Topological materials for full-vector elastic waves.

Elastic wave manipulation is important in a wide variety of applications, including information processing in small elastic devices and noise control in large solid structures. The recent emergence of topological materials has opened new avenues for modulating elastic waves in solids. However, because of the full-vector feature and the complicated couplings of the longitudinal and transverse components of elastic waves, manipulating elastic waves is generally difficult compared with manipulating acoustic waves (scalar waves) and electromagnetic waves (vectorial waves but transverse only). To date, topological materials, including insulators and semimetals, have been used for acoustic and electromagnetic waves. Although topological materials with elastic waves have also been reported, the observed topological edge modes lie on the domain wall.
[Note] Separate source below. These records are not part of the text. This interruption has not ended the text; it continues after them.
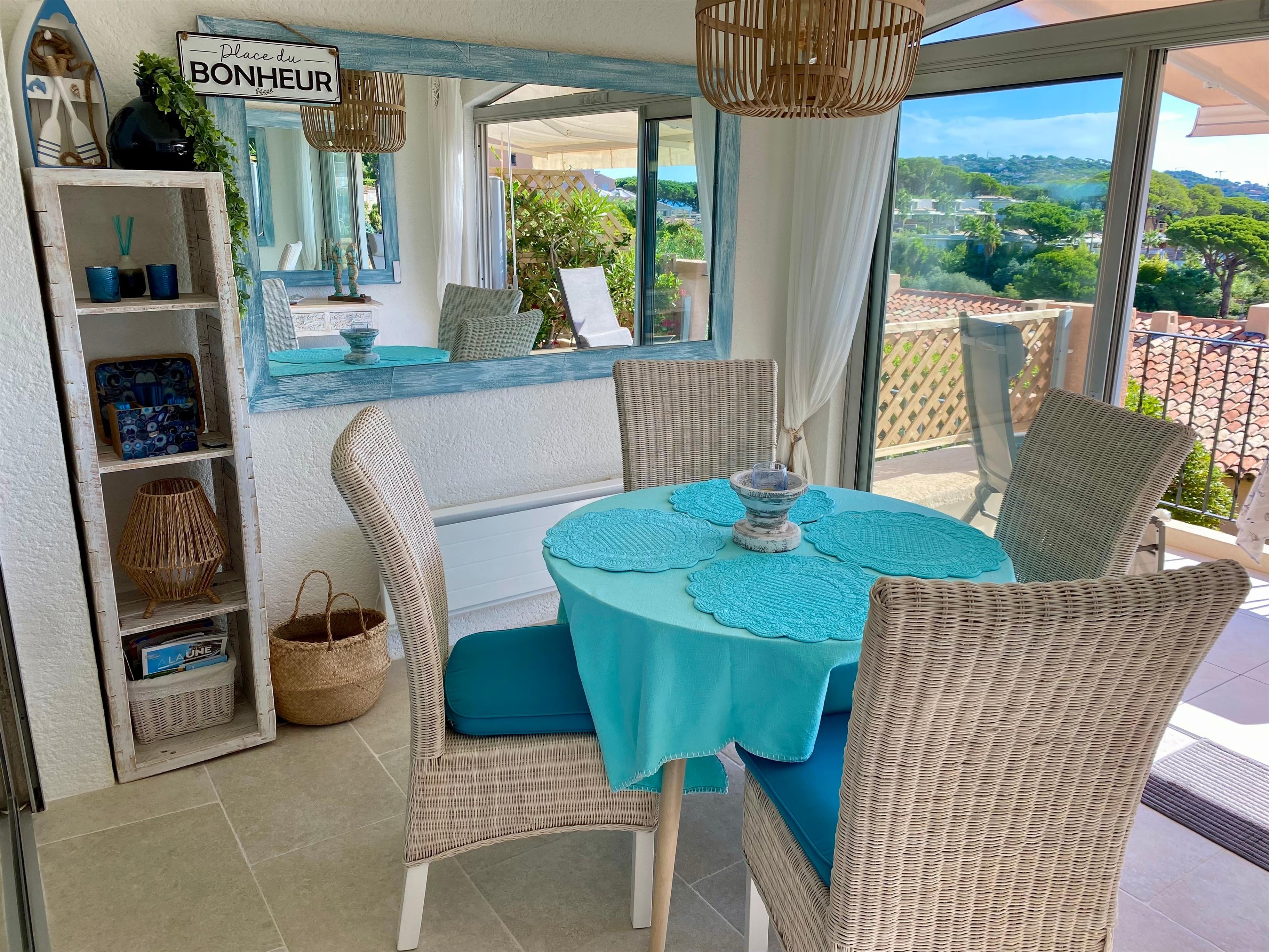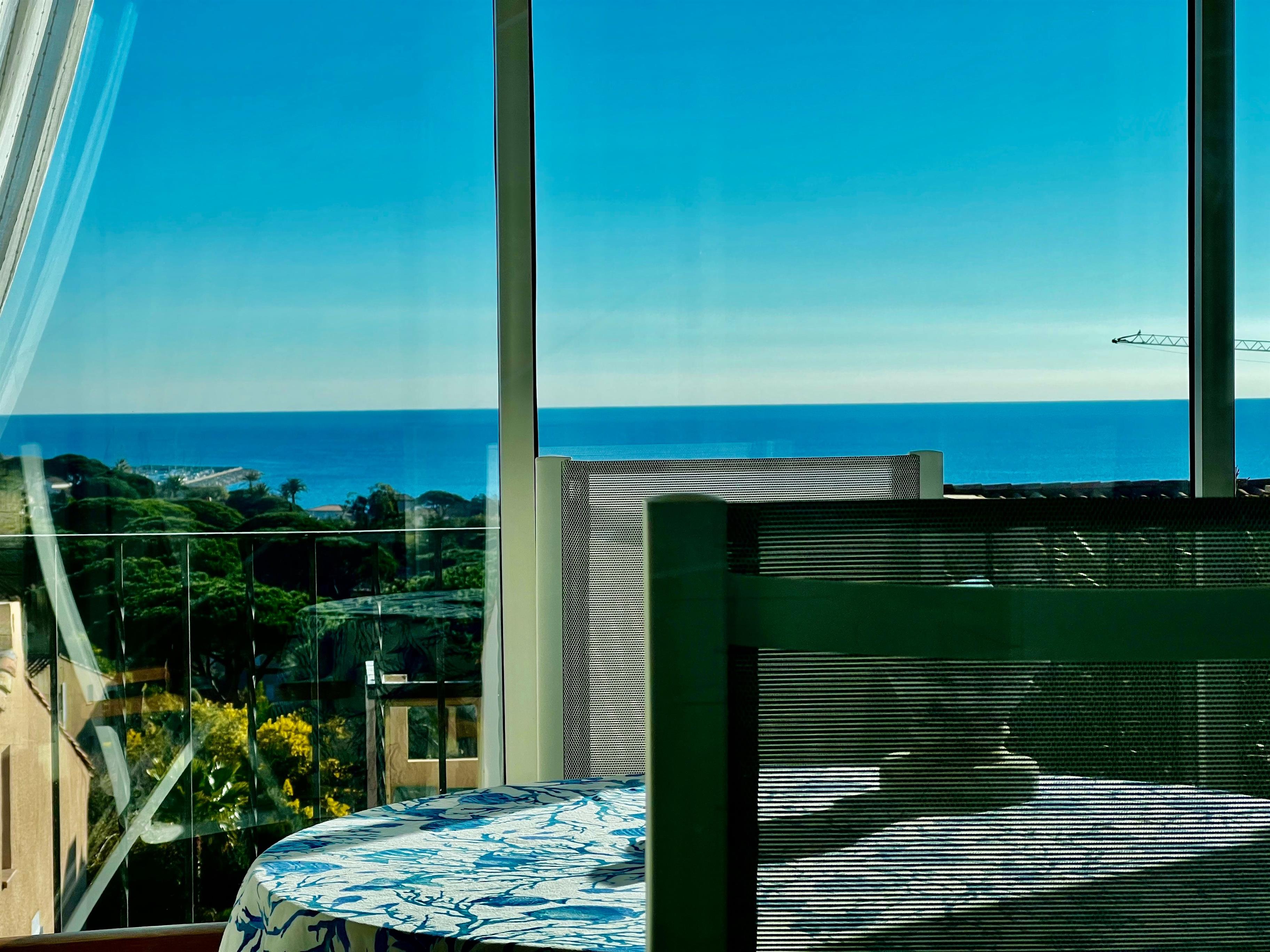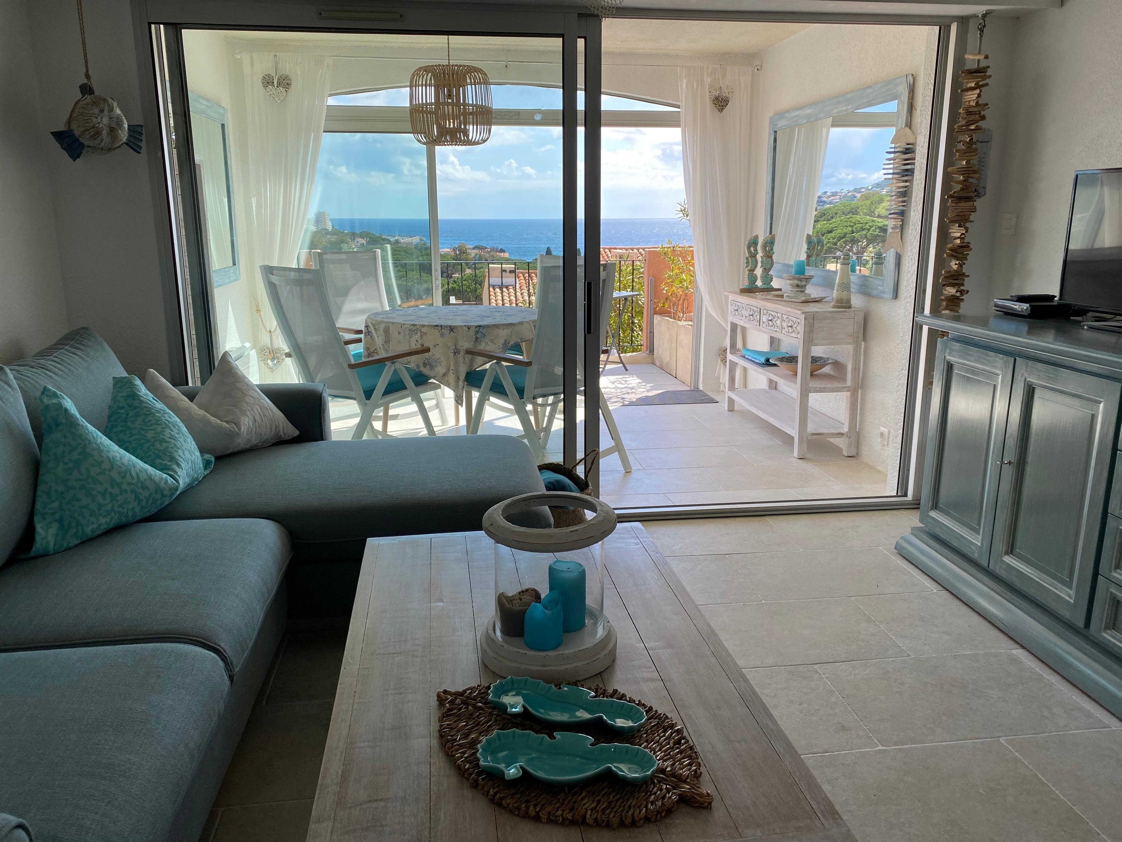 Klimatisierte Wohnung mit grossem Meerblick auf den Golf von Saint-Tropez im geschlossene Domaine de la croisette mit Schwimmbad ca. 400m vom Strand.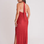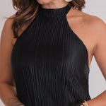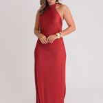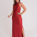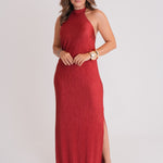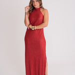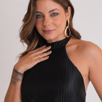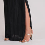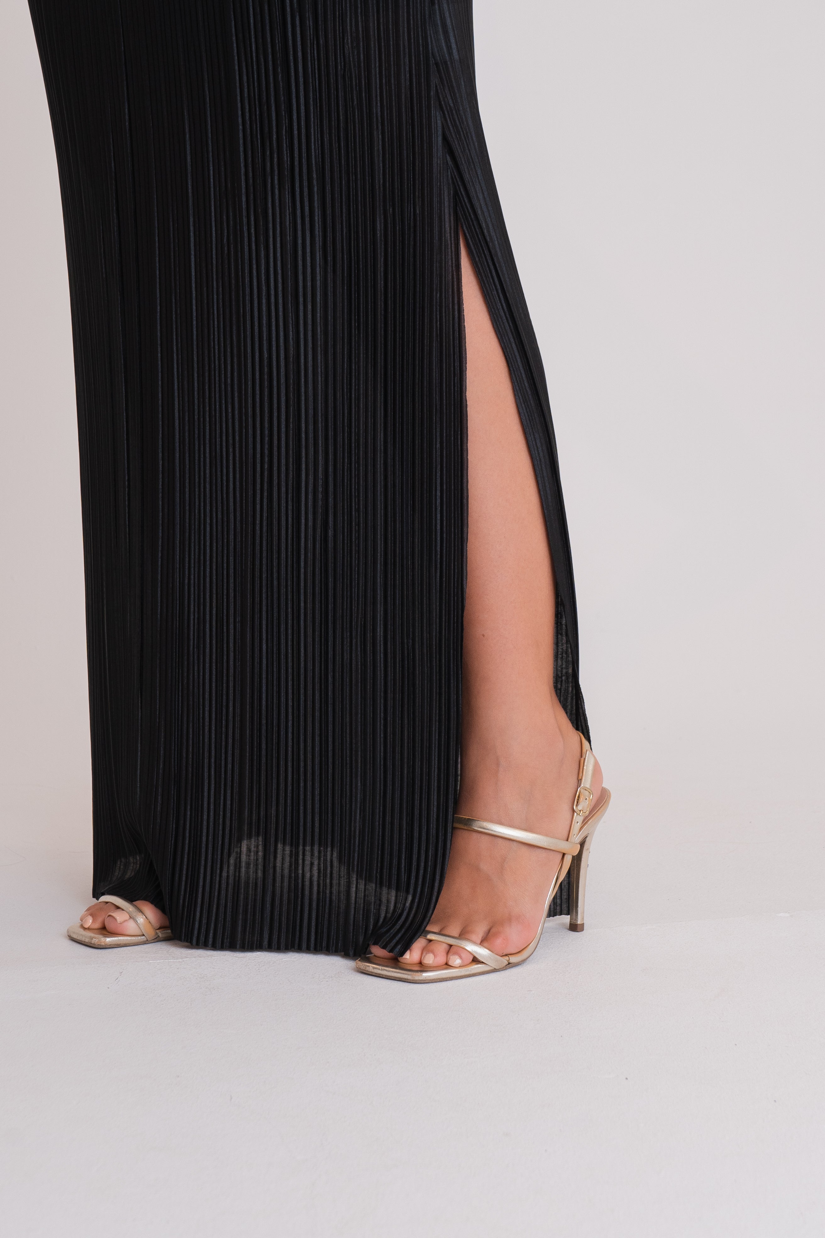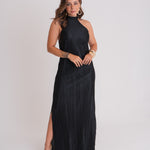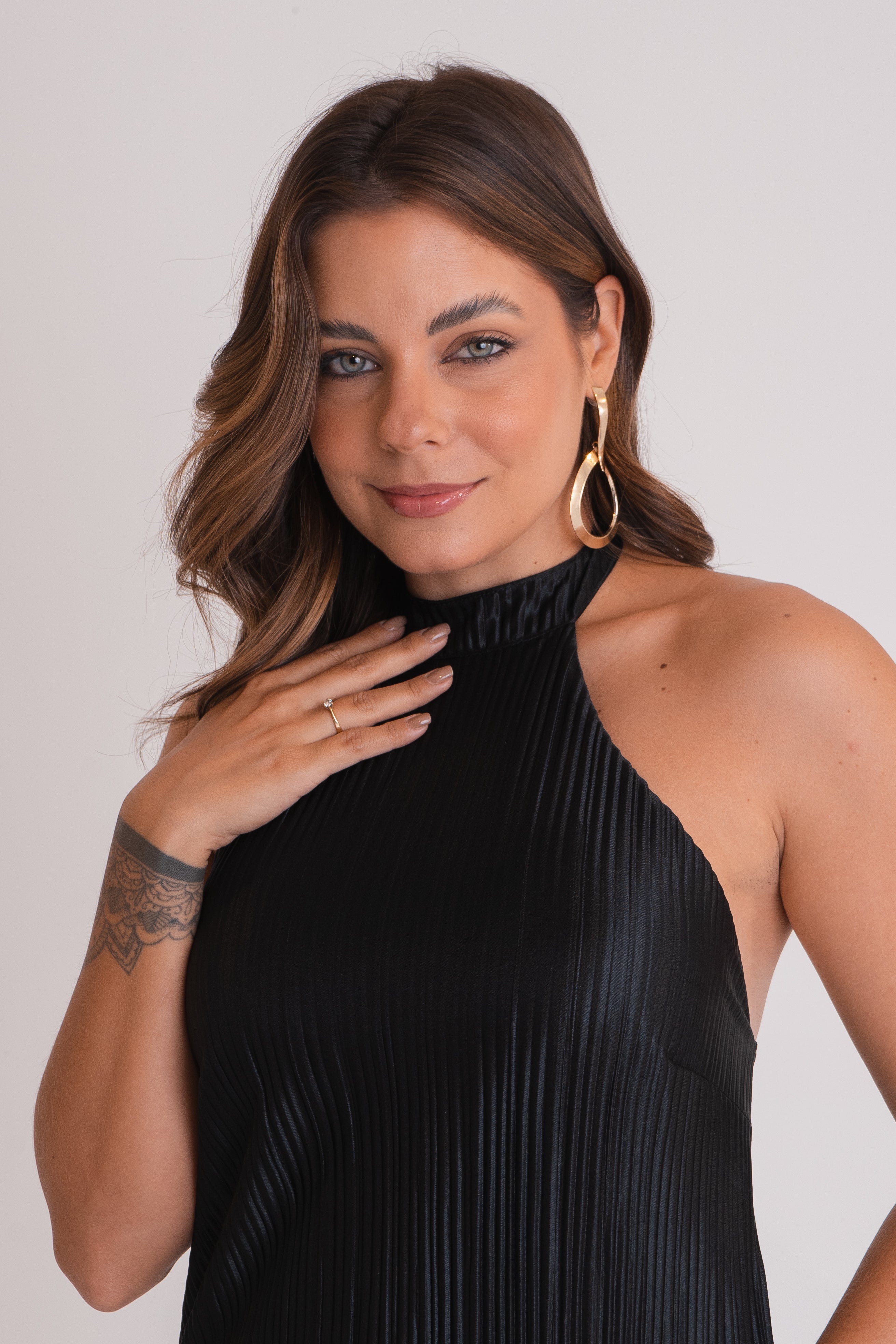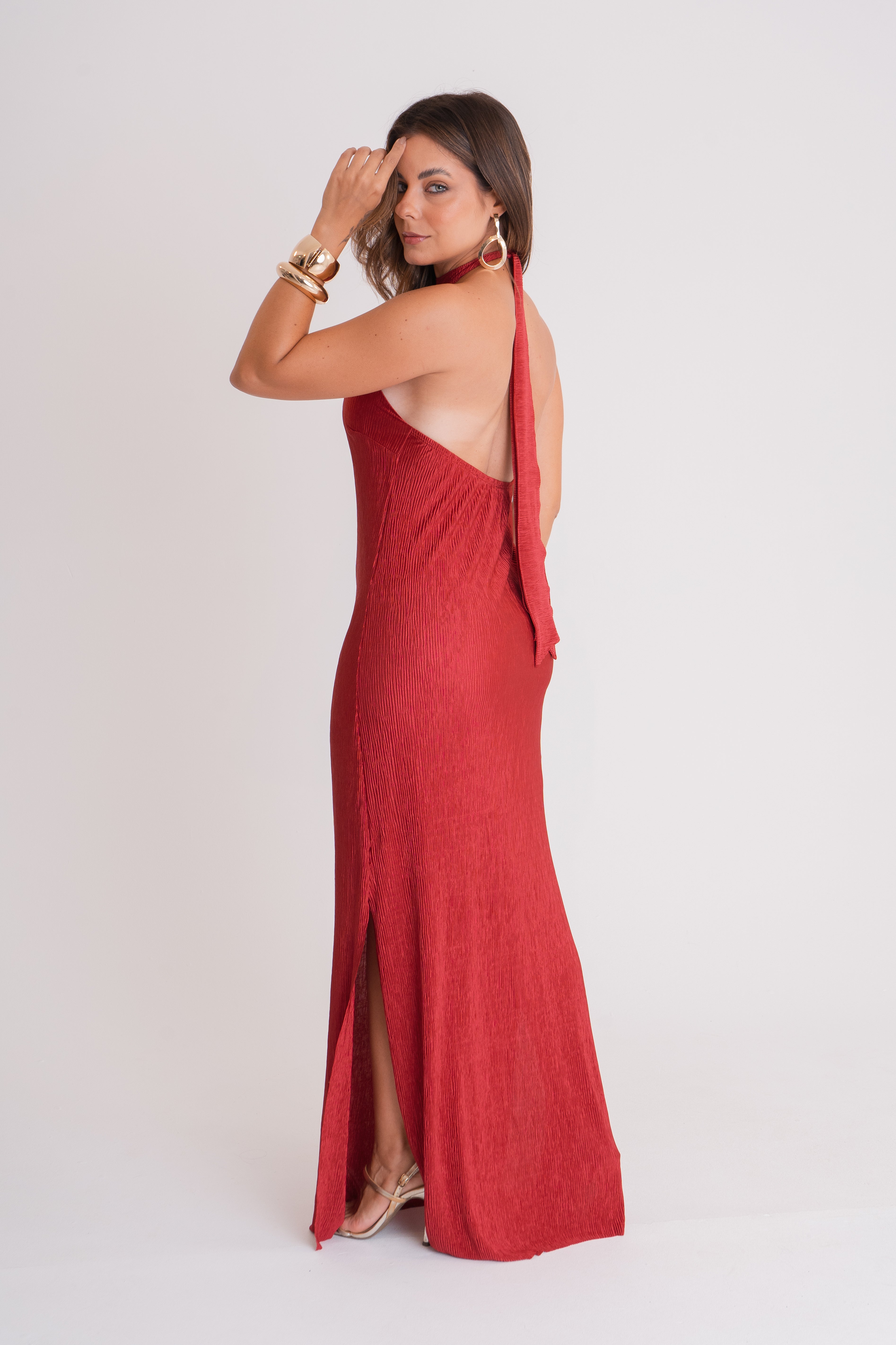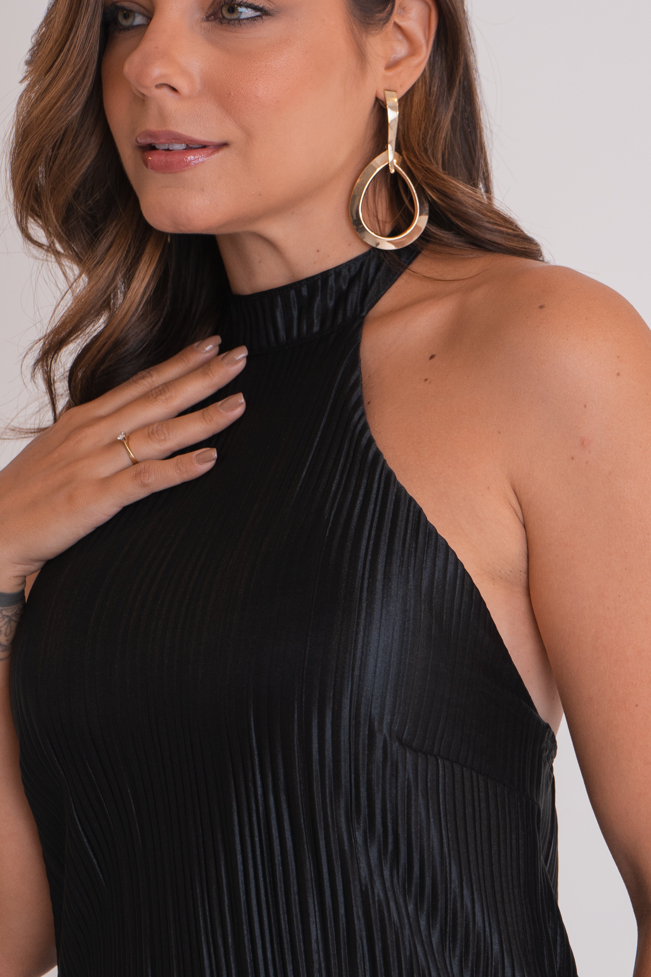 Vestido Longo Cavas Abertas Plissado Poliéster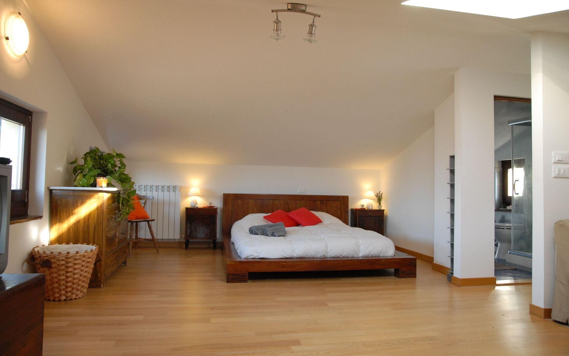 Über eine Innentreppe erreicht man den letzten Raum, einen großen Dachboden mit einem Doppelbett und einem Doppelschlafsofa (auf Anfrage und gegen Aufpreis). Das Badezimmer ist en-suite und hat eine Dusche.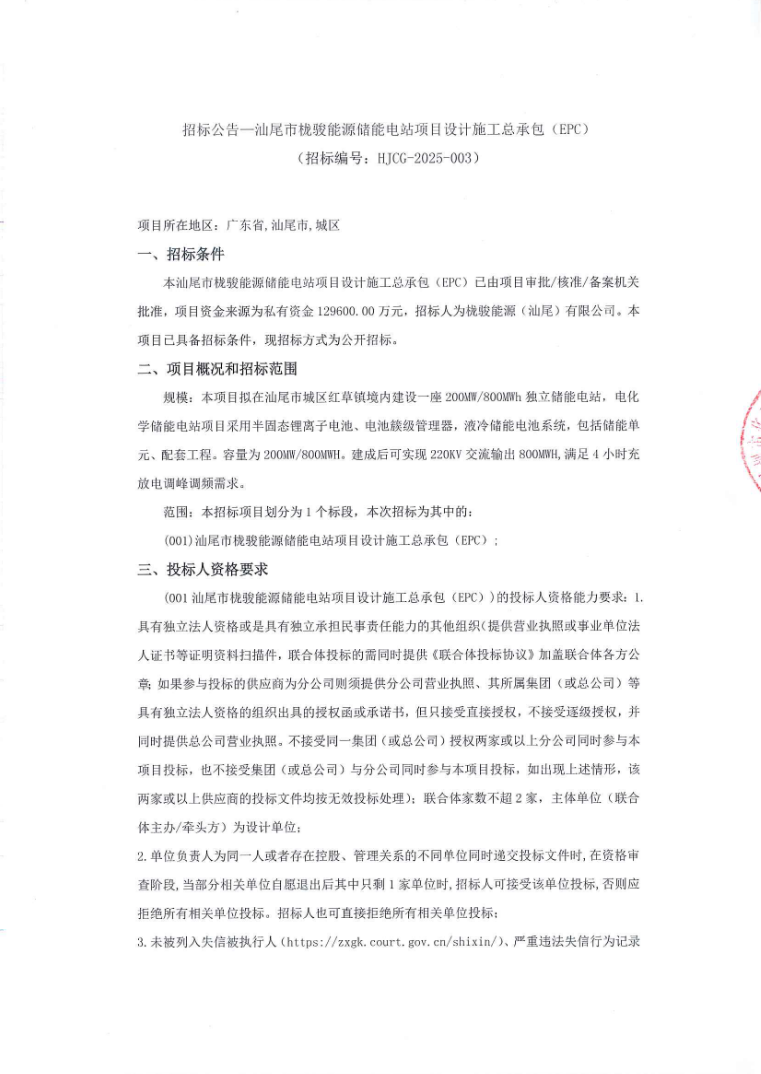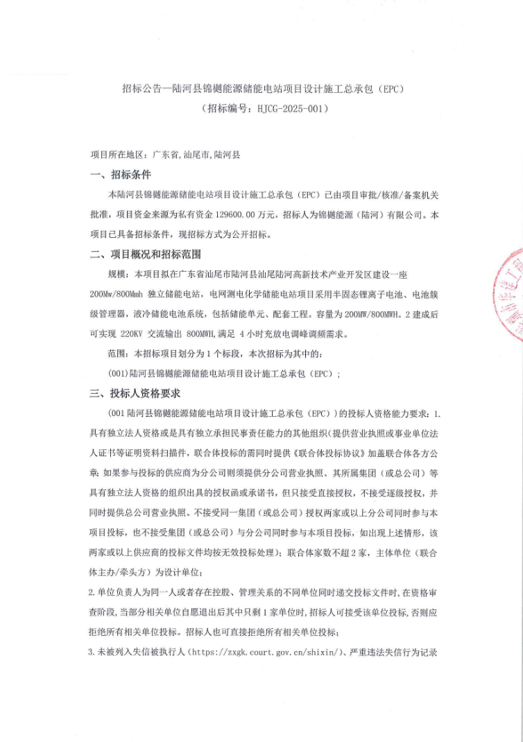 中國儲能網(wǎng)訊:6月18日,廣東兩項目儲能電站EPC招標啟動??傄?guī)模達400MW/1600MWh。
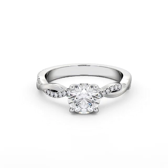 Ellen diamond engagement ring with a four claw Platinum setting. A round shaped diamond sits at the centre of this superlative engagement ring. Small round diamond lined ribbon is artfully woven with a polished finish plain ribbon on each side of the band. Total diamond side stones weigh approximately 0.18ct with Clarity VS1 and Colour F. This ring is available in a range of metal options and your choice of natural or lab grown diamonds. We offer a free design service for any customised changes that you may require.

A natural question arises: Is there an elastic metamaterial with topological edge modes on its own boundary? Here, we report a 3D metal-printed bilayer metamaterial that topologically insulates elastic waves. By introducing chiral interlayer couplings, the spin-orbit couplings for elastic waves are induced, which give rise to nontrivial topological properties. Helical edge states with vortex features were demonstrated on the boundary of the single topological phase. We further show a heterostructure of the metamaterial that exhibits tunable edge transport. Our findings could be used in devices based on elastic waves in solids.